Required work |
Output exactly the lines from the first line of the records below through the line containing "Teeme kohapeal otsuse, et", both included, leaving out any pictures.

Records to process |
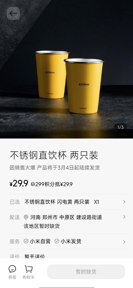截稿前,小米汽车App显示,该不锈钢直饮杯已为“暂时缺货”,详情页称因销售火爆,该直饮杯将于3月4日起陆续发货。
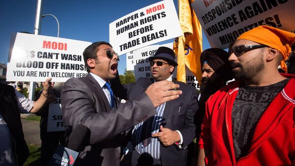 "Modi is a war criminal," Mr. Alam said. "He had been banned previously by other countries from entering into the state, and here we are Canada welcoming him, giving him the red carpet treatment, putting our economic interests before human rights and justice."
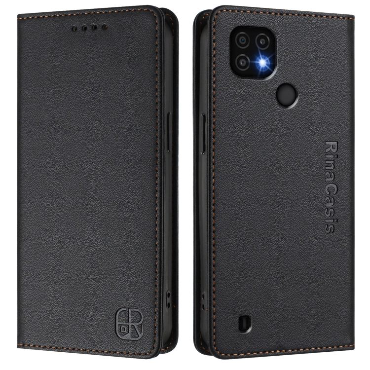 Funda de Cuero Rfid con Succión Magnética y Doble Pliegue para Realme C20 / C11 2021 / C21 Rc01 (Negro)
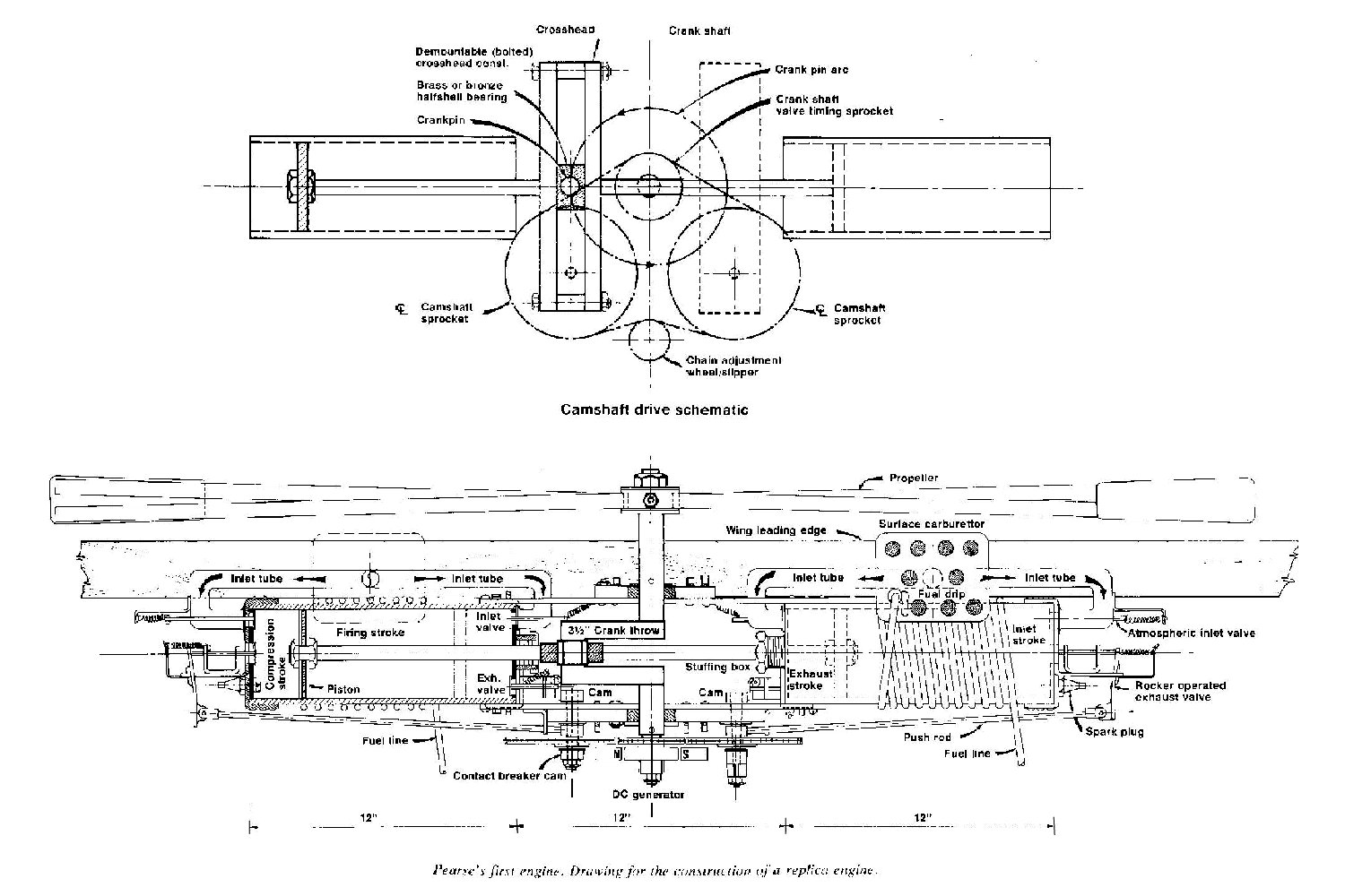 The Pearse engine design. All components, even the spark plugs, were of his own design and fabrication.
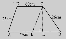 梯形两平行边长分别为60厘米和77厘米,其余两边长分别为25厘米和26厘米。
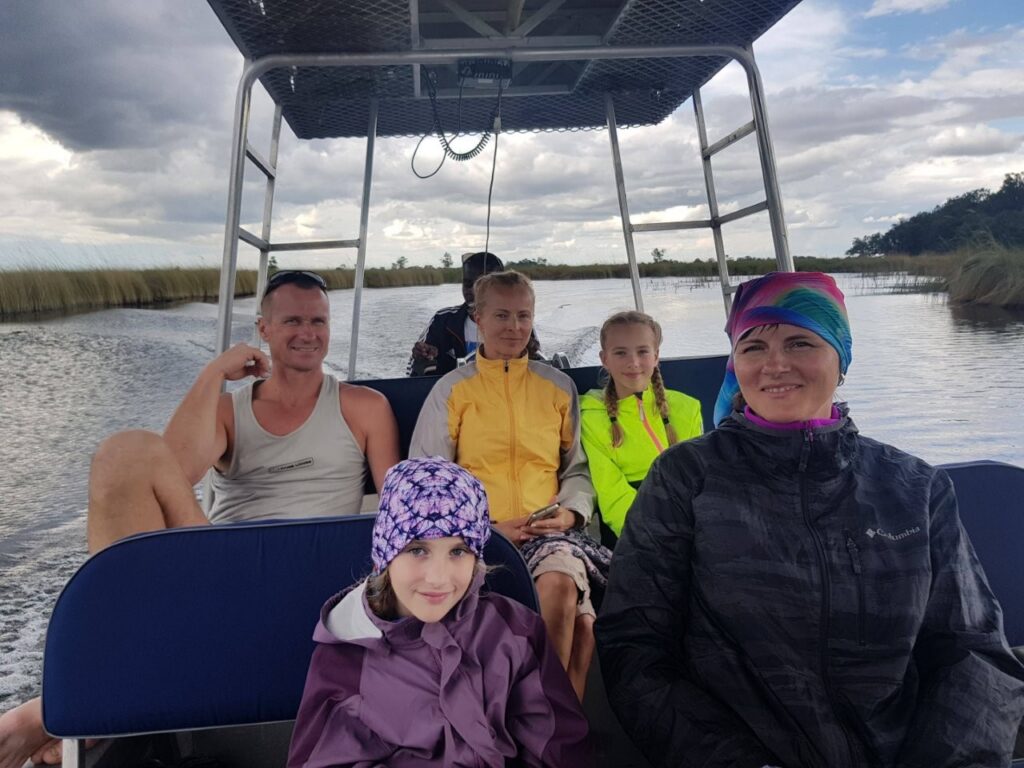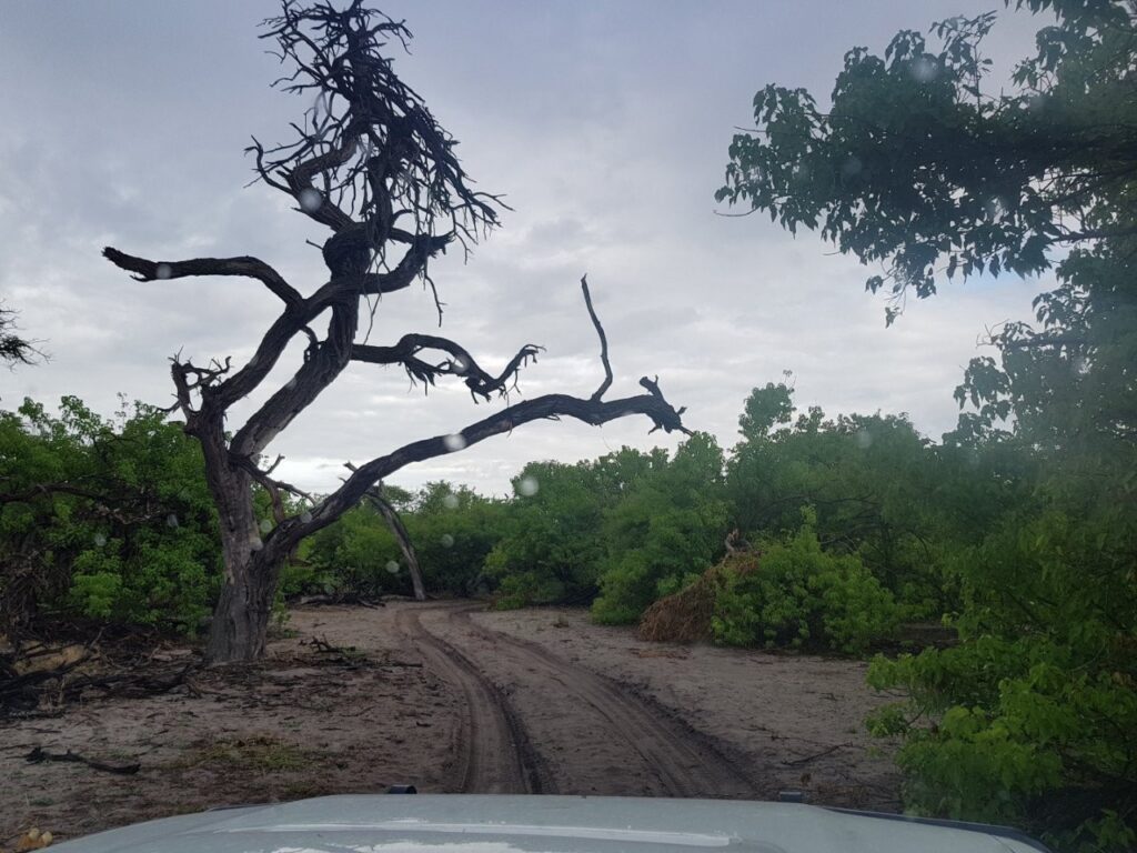 Teeme kohapeal otsuse, et ei riski minna lastega avatud autos vihma käes soolaväljale tuuritama, vaid võtame kohe suuna Maunile, et õhtuks juba Moremi rahvusparki välja jõuda.
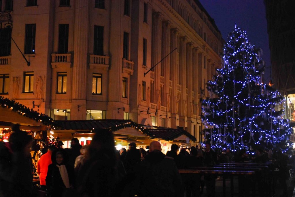 O mercado de Natal terminava (ou será que começava?) numa praça. Uma árvore de Natal gorducha, com fios e mais fios de luzinhas azuis, deixava ainda mais bonito o karácsonyi vásár. Era assim que as pessoas de lá chamavam o mercado de Natal. Eu não disse que as palavras ali enrolavam a língua?
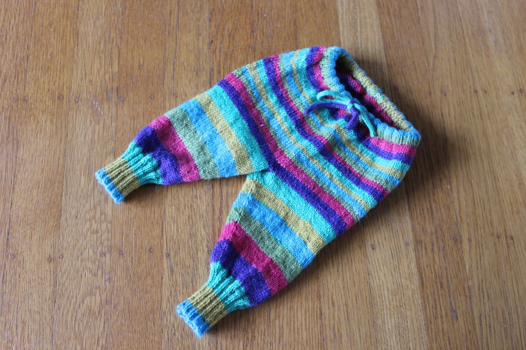 The legs are worked from the bottom up in the round, and joined at the crotch. Then, there’s a handful of short rows worked across the seat to accommodate a big ol’ fluffy diaper. They’re finished with a ribbed casing and either an I-cord drawstring (shown) or an elastic waistband.
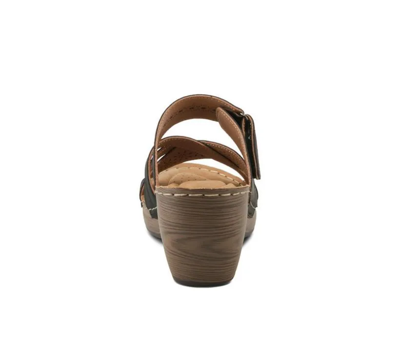 Bring comfort and charm together with this easygoing sandal designed for everyday wear. The open-toe slip-on features wide cross straps with subtle laser-cut accents, offering breathable style and a soft feel across the foot. A contoured footbed and mid-height wedge heel provide support and a flattering lift, making it a go-to option for casual days out. With its wood-look sole and cushioned design, it’s both stylish and supportive from morning to night.
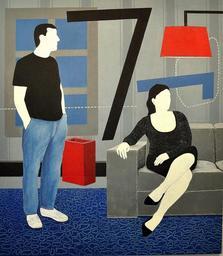 Keywords: pop art artistic artistry abstract man woman concept inside interior couch
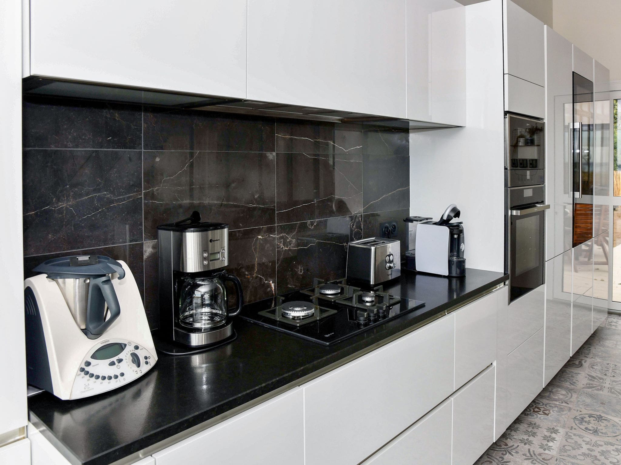 This magnificent 136m² single-level residence showcases impeccable design throughout its four beautifully appointed rooms. The heart of the home features an expansive living and dining area centred around a striking open-hearth fireplace, perfect for cozy evenings while satellite television provides international entertainment options. Each of the three elegantly furnished bedrooms opens directly onto outdoor spaces, with the master suite featuring a luxurious French bed, sophisticated bath and shower combination, and dual hand-basins. The second bedroom offers comfort with its own ensuite bathroom, while the third bedroom with twin beds includes a refreshing shower room. The fully equipped kitchen combines functionality with style, featuring premium appliances including a dishwasher, microwave, and electric coffee machine, alongside a charming breakfast table for intimate morning meals.
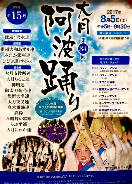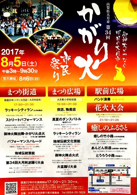いよいよ明日となった大月市最大の祭り 「第34回かがり火市民祭り」 こちらのチラシはどこで何が行われているかが 大変分かりやすく表記されています。 こちら表側
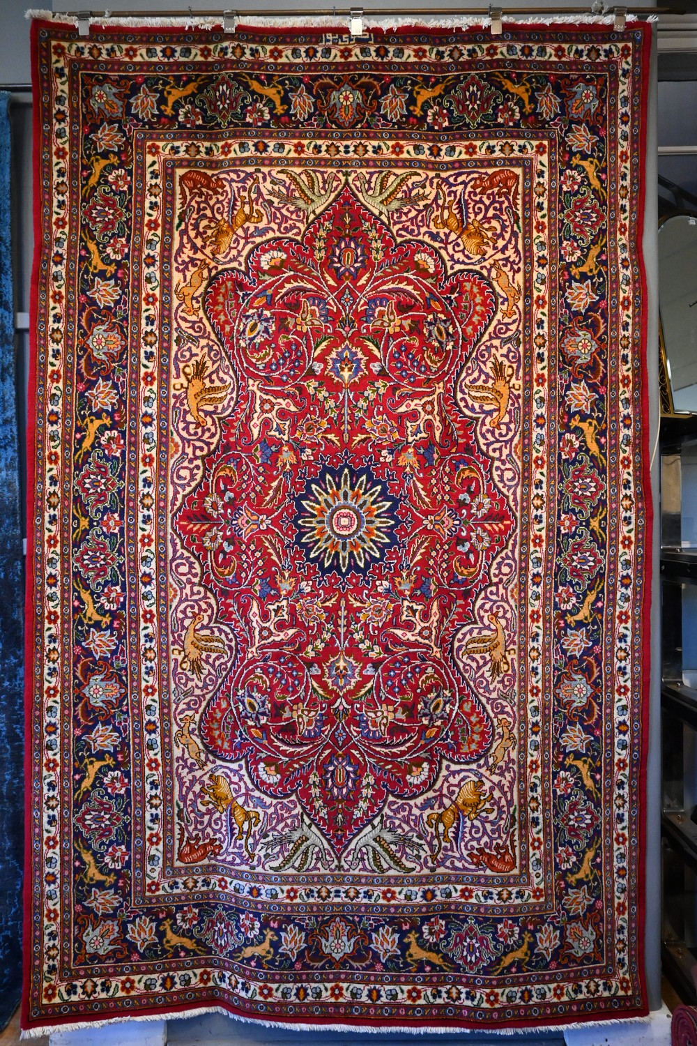 A MOST UNUSUAL PERSIAN SOLID WEAVE MASHAD RUG, FROM THE KHORASAN PROVINCE 100% WOOL PILE AND HARD-WEARING. SUNBURST MEDALLION ON AN OVER FLORAL DESIGN OF ESLIMI ARABESQUE SCROLLS AND TENDRILS ON A DEEP RED FIELD WITH BIRD OF PHOENIX, DEER AND LIONS HIGHLIGHTED IN GOLD. BORDER OF PALMETTES ON A ROYAL BLUE FIELD. SIGNED PIECE. ORIGIN: IRAN - RRP: $5,900, SIZE: 305 X 194 CM DOCUMENTATION OF AUTHENTICITY INCLUDED.

Finished exercise |
截稿前,小米汽车App显示,该不锈钢直饮杯已为“暂时缺货”,详情页称因销售火爆,该直饮杯将于3月4日起陆续发货。
 "Modi is a war criminal," Mr. Alam said. "He had been banned previously by other countries from entering into the state, and here we are Canada welcoming him, giving him the red carpet treatment, putting our economic interests before human rights and justice."
 Funda de Cuero Rfid con Succión Magnética y Doble Pliegue para Realme C20 / C11 2021 / C21 Rc01 (Negro)
 The Pearse engine design. All components, even the spark plugs, were of his own design and fabrication.
 梯形两平行边长分别为60厘米和77厘米,其余两边长分别为25厘米和26厘米。
 Teeme kohapeal otsuse, et ei riski minna lastega avatud autos vihma käes soolaväljale tuuritama, vaid võtame kohe suuna Maunile, et õhtuks juba Moremi rahvusparki välja jõuda.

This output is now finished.